Exercise prompt:
A word-for-word copy of the data, pictures excluded, is what this task asks for.

[Opening Supplied entries section]

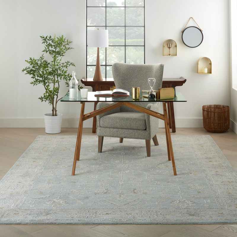 Lush, textural and elegantly understated, this traditional Persian area rug from the Infinite Collection take you back in time. This intricate Persian floral design is presented in an artfully faded palette of transitional blue tones that lend this entire collection a soft and dream-like beauty. The power-loomed, poly-blend pile has a luxurious hand feel with comforting texture. This stunning rug includes classic center medallion patterns, Persian garden patterns, and richly detailed ornamental borders. Ideal for your bedroom, living room, dining room or family room -anywhere you want a finishing touch of serene elegance.
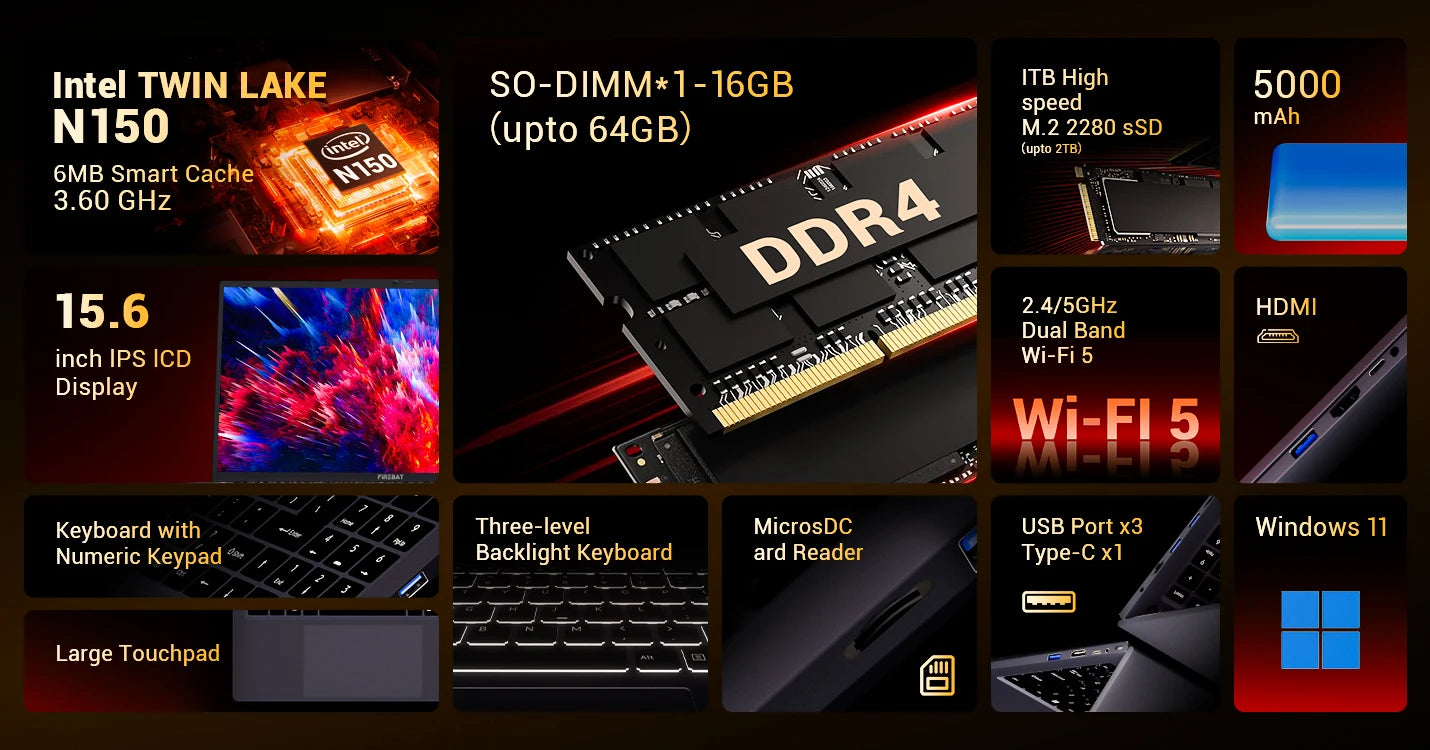 Firebat Laptop AT15 15.6 Inch Intel N150 DDR4 16GB RAM 512GB 1TB SSD 1920*1080 Windows 11 Notebook Backlit Integrated Numpad
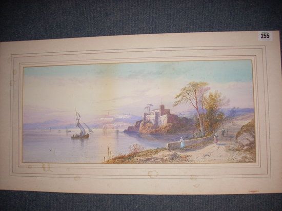 Mediterranean coast with sailing vessels and fort
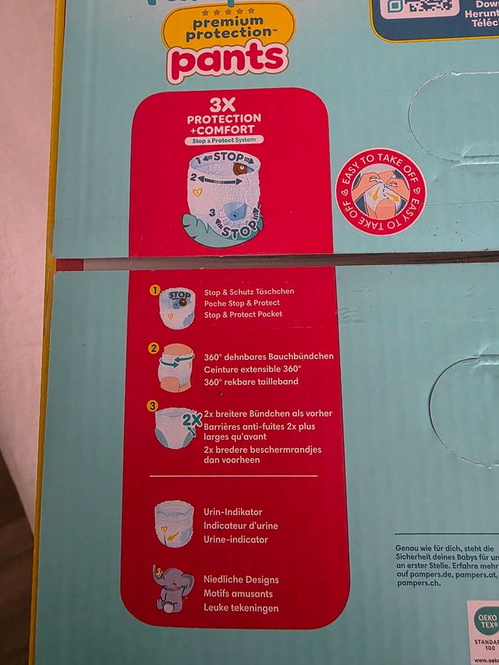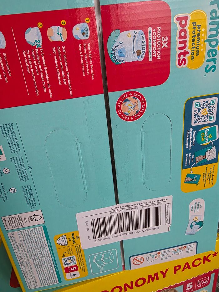 Je vends mon surplus de pampers pants taille 5, protection premium. 2 packs neufs jamais ouvert (soit 148 couches).
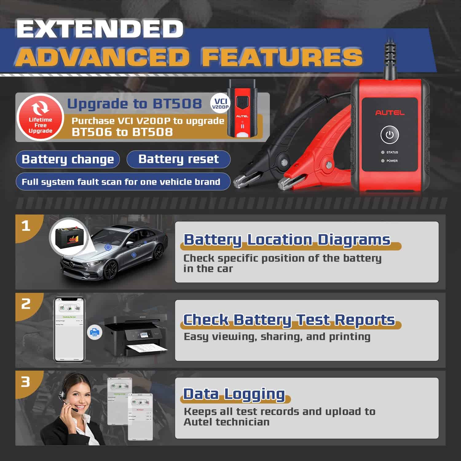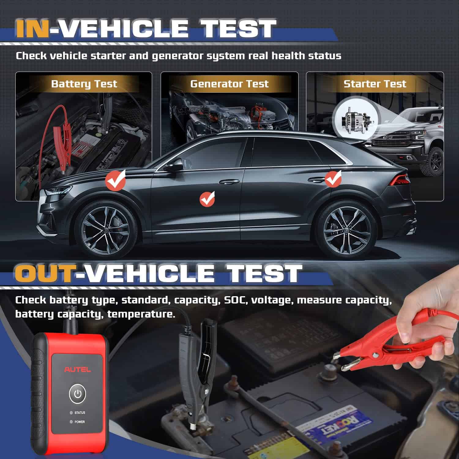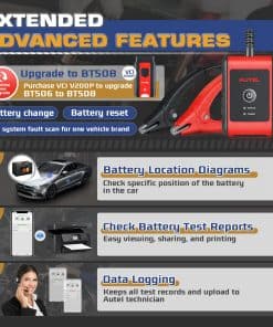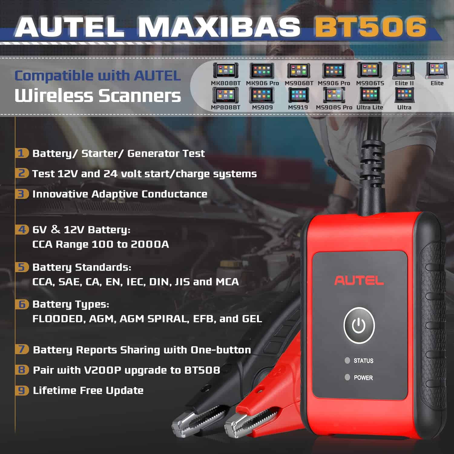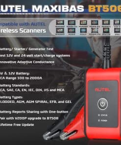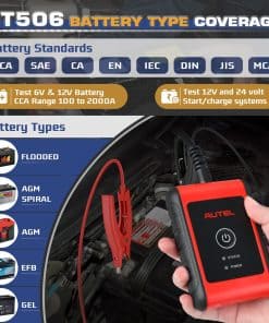 Autel BT506 es una herramienta de escaneo de batería que utiliza la última tecnología llamada conductancia adaptativa para probar las celdas de la batería y realizar pruebas energéticas precisas para mecánicos profesionales y talleres de baterías. Con esta característica, BT506 puede identificar rápidamente la capacidad de arranque en frío de la batería, probar baterías de baja capacidad y descargar baterías, mejorar la tasa de detección de baterías anormales, reducir al mínimo la tasa de error de juicio y reducir la cantidad de reevaluaciones. Además, Autel BT506 puede trabajar con el 99% de los escáneres inalámbricos de Autel, como MK808BT PRO, MK808TS, MK808S-TS, MX808S-TS, MP808BT PRO, MP808TS, MP808S-TS, MS906BT, MS906TS, MX900TS, MP900-TS, MS906 Pro, MS906 Pro-TS, MK906 Pro-TS, MS908S PRO II, MK908 II, MK908 PRO II, Elite II PRO, MS909, MS919, Ultra, Ultra Lite, MS909EV, Ultra EV, etc. Nota: BT506 no puede trabajar con escáneres cableados de Autel y herramientas de programación de llaves. Además, BT506 viene con más funciones adicionales a un precio constante para técnicos, talleres y plantas, como comprobar informes de prueba de baterías con fácil visualización, compartir e imprimir, localizar diagramas de ubicación de baterías con precisión, grabar todos los registros de prueba y cargar el registro de datos. Software de actualización gratuita de por vida significa que no es necesario pagar otros costos por actualizaciones de software. BT506 viene con 1 año de garantía y política de devolución y reemplazo de 30 días sin motivo. Si tienes alguna pregunta, no dudes en contactarnos a través de: auteldirect @ outlook. com.

[Closing Supplied entries section]

Solution to this exercise:
 Lush, textural and elegantly understated, this traditional Persian area rug from the Infinite Collection take you back in time. This intricate Persian floral design is presented in an artfully faded palette of transitional blue tones that lend this entire collection a soft and dream-like beauty. The power-loomed, poly-blend pile has a luxurious hand feel with comforting texture. This stunning rug includes classic center medallion patterns, Persian garden patterns, and richly detailed ornamental borders. Ideal for your bedroom, living room, dining room or family room -anywhere you want a finishing touch of serene elegance.
 Firebat Laptop AT15 15.6 Inch Intel N150 DDR4 16GB RAM 512GB 1TB SSD 1920*1080 Windows 11 Notebook Backlit Integrated Numpad
 Mediterranean coast with sailing vessels and fort
 Je vends mon surplus de pampers pants taille 5, protection premium. 2 packs neufs jamais ouvert (soit 148 couches).
 Autel BT506 es una herramienta de escaneo de batería que utiliza la última tecnología llamada conductancia adaptativa para probar las celdas de la batería y realizar pruebas energéticas precisas para mecánicos profesionales y talleres de baterías. Con esta característica, BT506 puede identificar rápidamente la capacidad de arranque en frío de la batería, probar baterías de baja capacidad y descargar baterías, mejorar la tasa de detección de baterías anormales, reducir al mínimo la tasa de error de juicio y reducir la cantidad de reevaluaciones. Además, Autel BT506 puede trabajar con el 99% de los escáneres inalámbricos de Autel, como MK808BT PRO, MK808TS, MK808S-TS, MX808S-TS, MP808BT PRO, MP808TS, MP808S-TS, MS906BT, MS906TS, MX900TS, MP900-TS, MS906 Pro, MS906 Pro-TS, MK906 Pro-TS, MS908S PRO II, MK908 II, MK908 PRO II, Elite II PRO, MS909, MS919, Ultra, Ultra Lite, MS909EV, Ultra EV, etc. Nota: BT506 no puede trabajar con escáneres cableados de Autel y herramientas de programación de llaves. Además, BT506 viene con más funciones adicionales a un precio constante para técnicos, talleres y plantas, como comprobar informes de prueba de baterías con fácil visualización, compartir e imprimir, localizar diagramas de ubicación de baterías con precisión, grabar todos los registros de prueba y cargar el registro de datos. Software de actualización gratuita de por vida significa que no es necesario pagar otros costos por actualizaciones de software. BT506 viene con 1 año de garantía y política de devolución y reemplazo de 30 días sin motivo. Si tienes alguna pregunta, no dudes en contactarnos a través de: auteldirect @ outlook. com.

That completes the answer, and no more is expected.